Namun, kebanyakan dari kita bangga dengan netral, maka yang dianjurkan
dalam hal ini adalah “adil” dan ini akan sulit tanpa memperhatikan dan
peduli. Maka dari itu, perlu kita untuk memperhatikan fenomena sosial agar
tidak jatuh kedalam kesalahan. Kisah nabi Sulaiman tentang dua orang
ibu yang merebutkan satu bayi menjelaskan sikap nabi Sulaiman sebelum
membelah bayi itu menjadi dua adalah sikap netral, kemudian setelah
mengetahui jawaban atas kedua ibu tersebut barulah nabi Sulaiman menyadari
dan mempedulikan. Inilah model sikap adil yang mendahulukan kebenaran.

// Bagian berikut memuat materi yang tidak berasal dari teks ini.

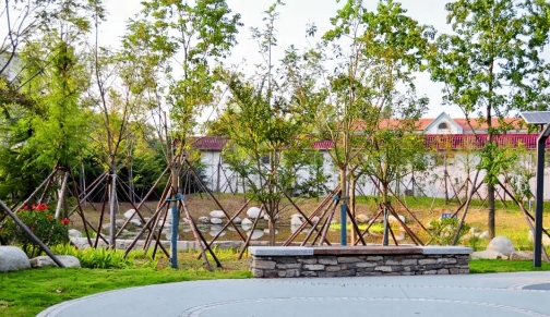 改造提升過(guò)程中,充分結(jié)合現(xiàn)有資源,開(kāi)展熟土回填、地形整理、硬化鋪裝、苗木栽植等工作。同時(shí),針對(duì)原池塘淤泥較多、長(zhǎng)年積水、軟土液性指數(shù)大等情況,采用“拋石擠淤”方式進(jìn)行軟基處理,減小地基沉降量,提高土體穩(wěn)定性,有效節(jié)約施工成本、縮短工期。按照“海綿城市”建設(shè)理念,合理利用原有水道,通過(guò)增加水生植物及景觀疊石,將原本臟亂臭的污水塘改為干凈靚麗的景觀池,達(dá)到水清、岸綠、景美的效果。
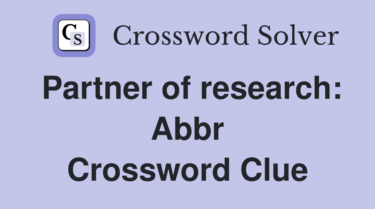 Partner of research Abbr. Crossword Clue Answers Crossword Solver
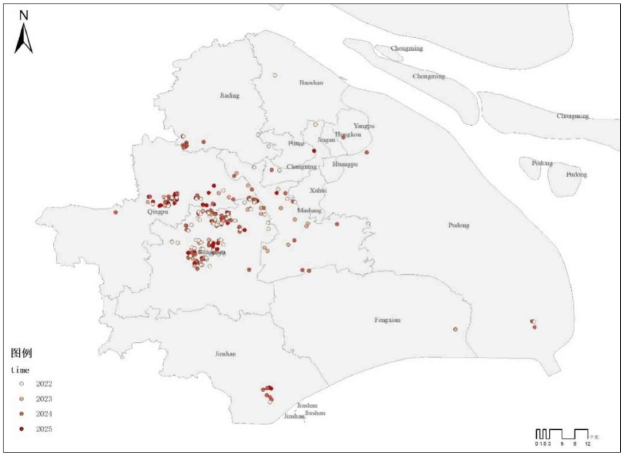 调查发现,貉在上海的分布区域持续扩大。松江、青浦两区仍是其核心分布区域,两区的平均貉密度和平均貉遇见率均为最高。然而,今年普陀区首次记录到了貉的分布点,表明貉在上海的扩散与迁移仍在持续。
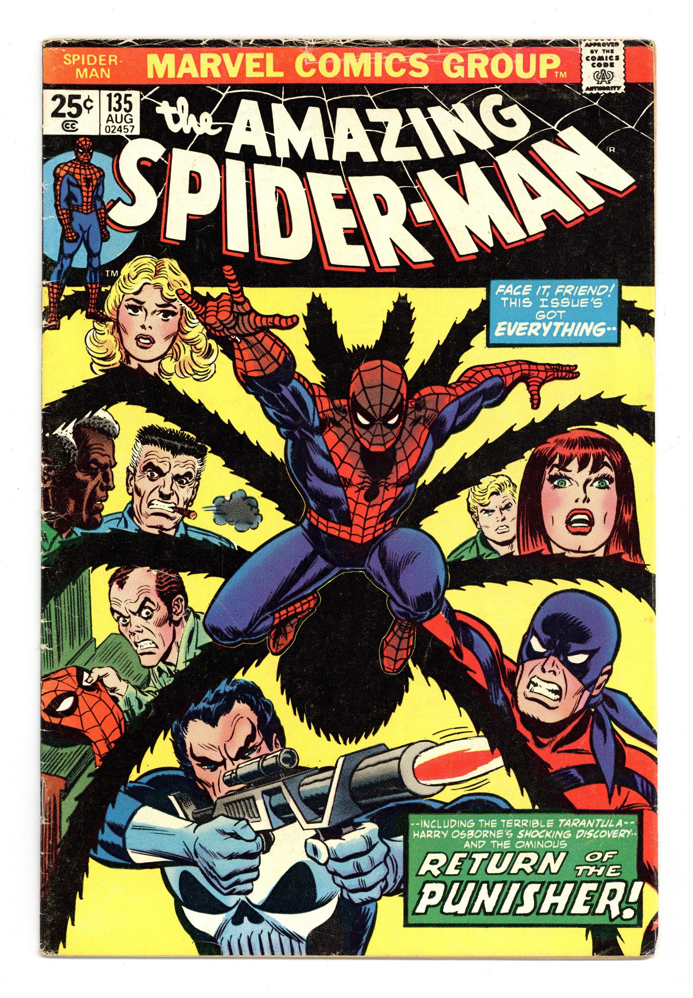 Cover by John Romita Sr. Second full appearance of the Punisher in "Shoot-Out in Central Park," script by Gerry Conway, pencils by Ross Andru, inks by Frank Giacoia; Spider-Man finds himself in a shoot-out with Tarantula and Punisher after saving a cruise ship from hijacking; Peters friends grow suspicious about his double identity; Harry Osborn discovers Peters spider suit! Letter to the editor from Steve Saffel. The letters page also has Marvel Value Stamp series A # 4: Thing (of the Fantastic Four). Reprinted in Marvel Tales # 112 and 211. 36 pgs., full color. $0.25. Cover price $0.25. Grade: VG- 3.5 explanation of grade Condition: Used (collectible)
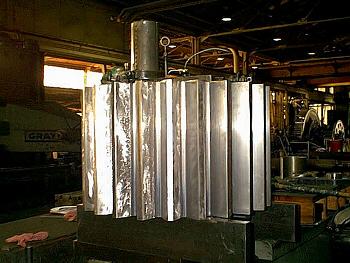 Inclined Housings can be converted to a 4-roll configuration by replacing the existing 3-roll housings with a new Fulton 4-roll housing. Savings can be achieved by using some of the existing equipment in the 4-roll conversion. Fulton can provide complete engineering and parts for mill housing replacement including; new fourth roll, side boxes, bronzes, side caps, chain or crown wheel drive components, and fourth roll turnplate assembly.
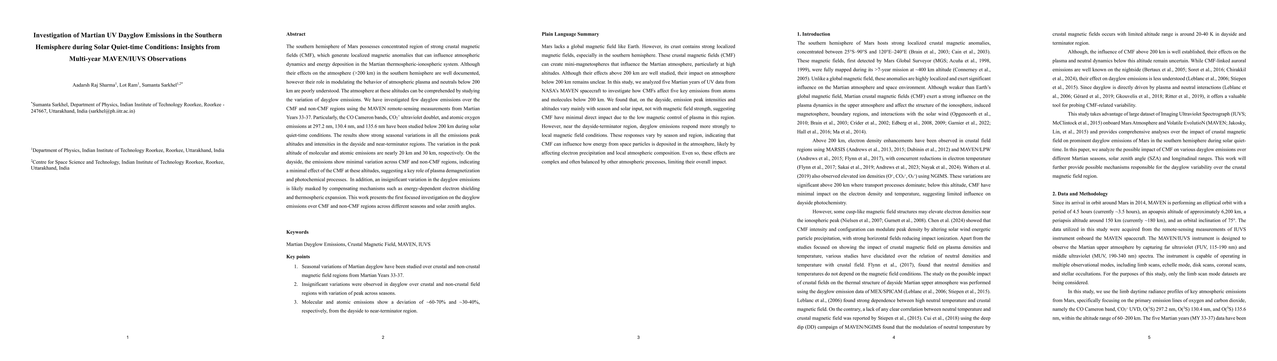 The study utilized MAVEN/IUVS remote-sensing measurements from Martian Years 33-37 to investigate dayglow emissions over crustal magnetic field (CMF) and non-CMF regions in the southern hemisphere of Mars.
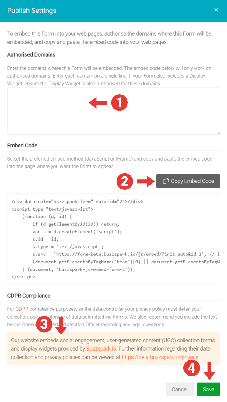 Authorised Domains – enter each of the domain names (one per line) where the Form will be embedded, for example:

Adanya proses berpikir dalam hal ini menjadikannya penyebab salah satu
disiplin berpikir yang wajib dilakukan.
- Tadzkir
(mengingat) disebutkan ±268 kali dalam ayat Al-Qur’an. Dalam disiplin
berpikir, mengingat artinya memunculkan kembali sejarah (apa yang telah
kita lewati) karena apa yang kita lakukan di masa lalu adalah suatu
pembelajaran. Segala sesuatu yang kita lakukan akan berdampak pada
kehidupan. Dalam bahasa psikologi disebut “self full feeling
privacy” dimana itu adalah sedikit keterkaitan antara apa yang
kita pikirkan adalah apa yang kita dapatkan. Secara sederhana apa yang
membuatmu senang dan sedih disebabkan perilakumu sendiri. W.S Rendra
menyimpulkan puisi terakhirnya dimana “ketika langit dan bumi
bersatu, anugerah dan bencana sama saja” hal yang dimaksud adalah
Allah tidak sedang menganiaya diri kita tapi kitalah yang menganiaya diri
sendiri, itulah sebab dari kesedihan muncul dan berkaitan dengan mengingat
masa lalu.
- Tafakkur
(berfikir, menganalisis, menguraikan) dalam bahasa psikologi disebut
skema. Orang yang malas berfikir tidak akan memahami apa yang terjadi,
ketika terdapat masalah yang kompleks hanya orang yang biasa bertafakkur
yang dapat menguraikannya.
- Tadabbur
(mengamati, mencermati) tidak hanya membaca atau melihat namun juga
memahami secara mendalam. Dalam perspektif ini, pandangan mulai diarahkan
kedepan sehingga akan menyeimbangkan tadzkir (mengingat
kebelakang). Maka Al-Qur’an adalah bacaan keilmuan yang lengkap disebabkan
dua disiplin berpikir ini.
- Tafaqquh
(memahami sedikit demi sedikit) masih dalam rangka mengurai namun lebih
mendalam lagi untuk memahami, menggali, menganalisis, dan mempelajari
secara mendalam dengan instrument yang lebih tajam. Tafaqquh diibaratkan
dengan mempelajari dengan alat sehingga ada informasi lebih banyak untuk
didapat. Uniknya, orang yang tidak tafaqquh akan
menjadi munafik. Tafaqquh dapat diartikan dengan mempelajari
sampai keakar-akarnya, dan orang munafik tidak akan pernah belajar sampai
sini karena tidak bersungguh-sungguh dalam beragama.
- Ta’aqqul
(mengkait-kaitkan, merekonstruksi) “Apakah kamu tidak menggunakan akalmu?”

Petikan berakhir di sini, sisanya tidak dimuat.